How should an apportionment be made between D1 and D2 in this kind of case? You would say that neither defendant's actions can have been a more potent cause of the harm, producing the conclusion that an apportionment based solely on causative potency would have to be equal. On reflection I would arrive at the same conclusion, but for a slightly different reason, namely that we have no rational basis for division of causation between them and so we must fall back on the rule that where a court has no reason to make an unequal apportionment it must apportion equally: cf EM Baldwin & Son Pty Ltd v Plane [1999] ATR T91-499.

'Ha!' David is happily exclaiming. 'No rational basis for division of causation, eh? My point, I think.'

But wait ... As I said at the start, it's not a good example. It runs us into evidential problems and we have to use a default rule. But let's take another example, in equity this time. Suppose that D1 is a bad trustee and D2 is a dishonest assistant who helps him launder misappropriated trust funds. Suppose that we can prove that D1 would have taken the trust funds whether or not D2 had helped him, but that D2's help has made it a bit easier for D1 to carry through his dishonest scheme. On a but-for basis D2 has not caused the beneficiaries' loss, but he's still liable to them because he helped D1: Grupo Torras v Al-Sabah (No 5) QBD 24 June 1999; Casio Computer Ltd v Sayo [2001] EWCA Civ 661.
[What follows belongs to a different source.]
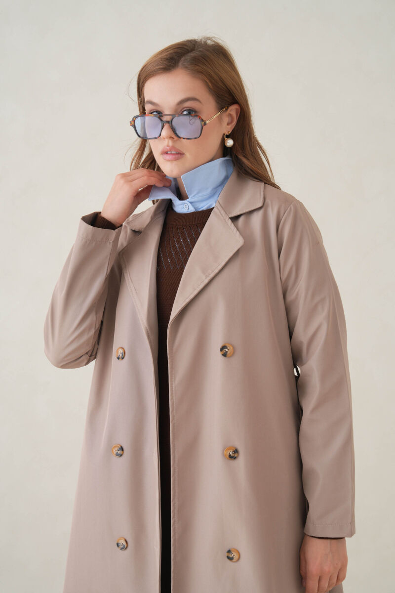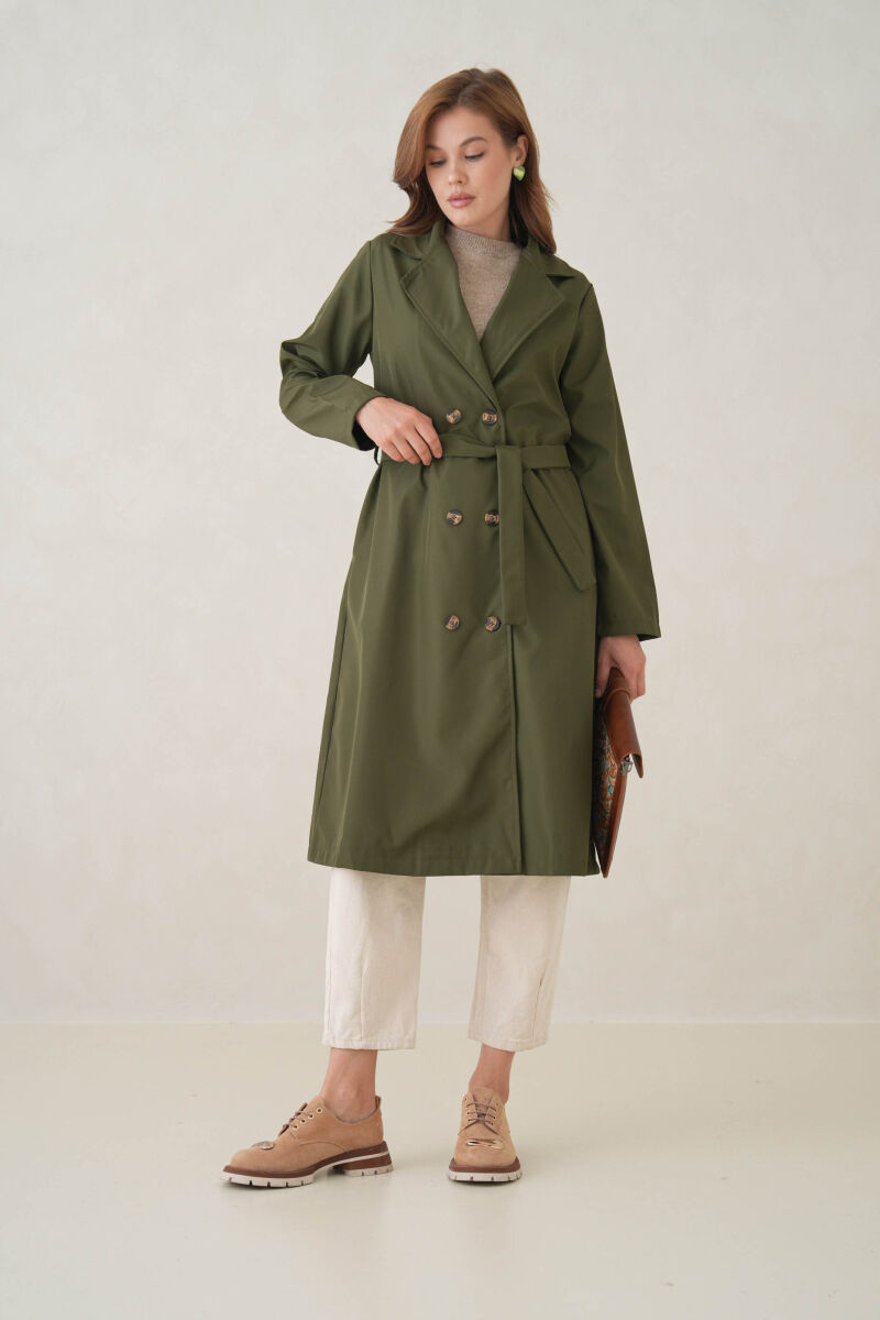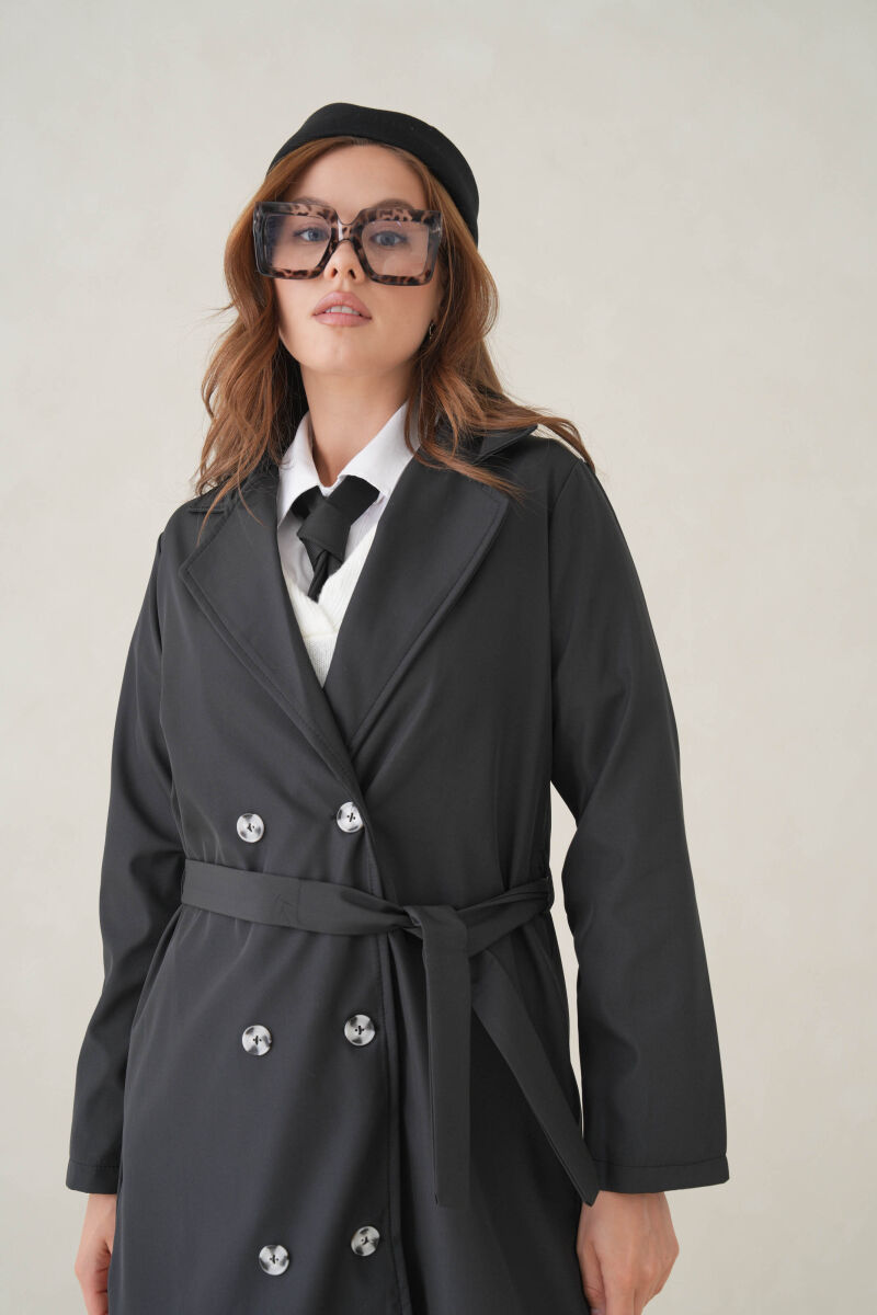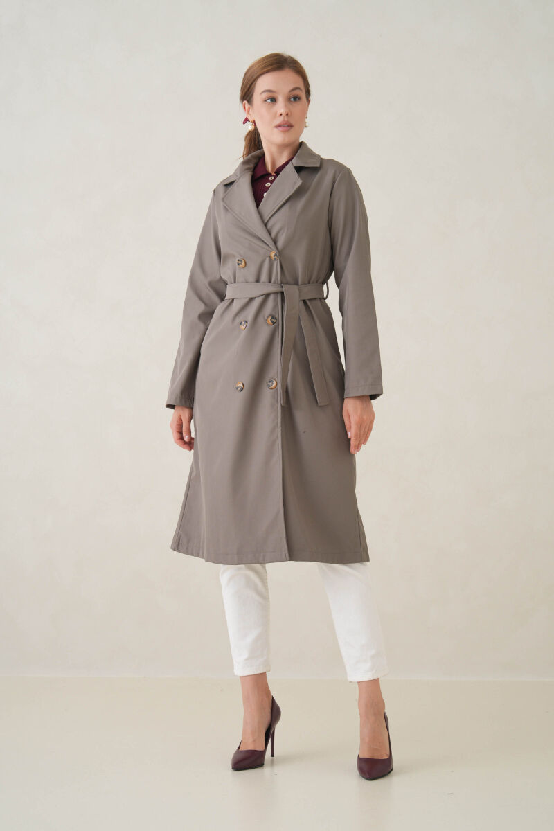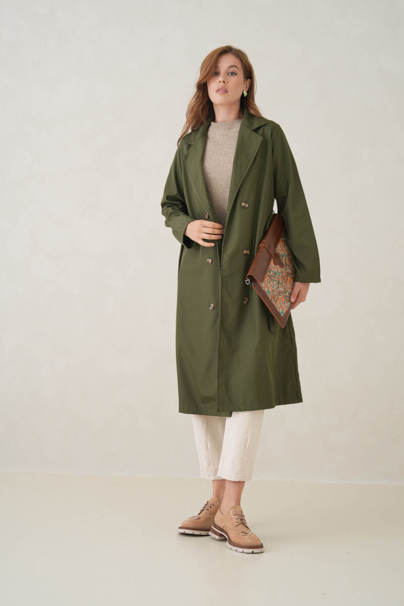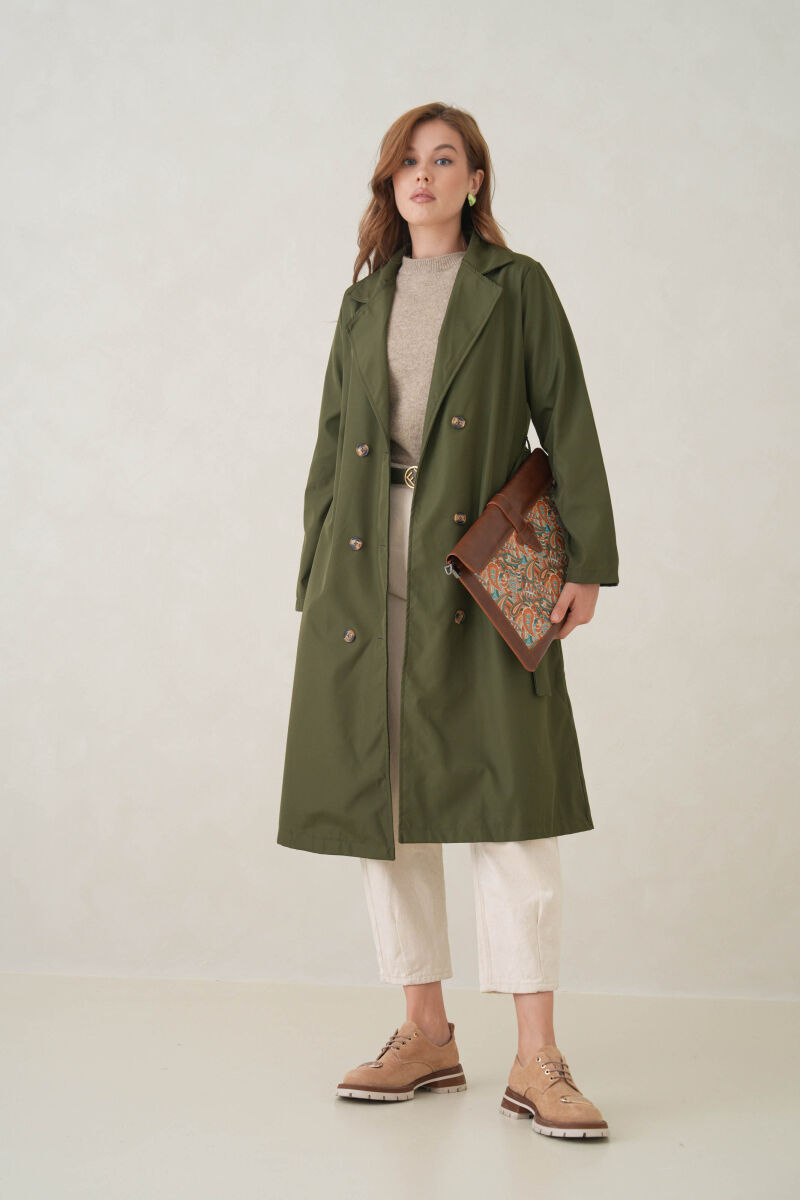 Su Geçirmez Kruvaze Yaka Sık Dokuma Kadın Trençkot

If David is right that causative potency is a meaningless concept, then we can only say that D1 and D2 are equally the causes of the beneficiaries' loss and that D1's actions have had no greater impact on the beneficiaries' position than D2's actions. But can we not meaningfully say that D1's actions in initiating a scheme to steal from the beneficiaries and salt the money away are a more potent cause of their loss than D2's actions in moving money from one bank account to another. on D1's directions? Cf Schott Kem Ltd v Bentley [1991] 1 QB 61 at 76; Arab Monetary Fund v Hashim The Times 11 Oct 1994. Take D2 out of the picture and the loss would still be incurred; take D1 away and it wouldn't be. David would say that this makes no difference but I doubt this.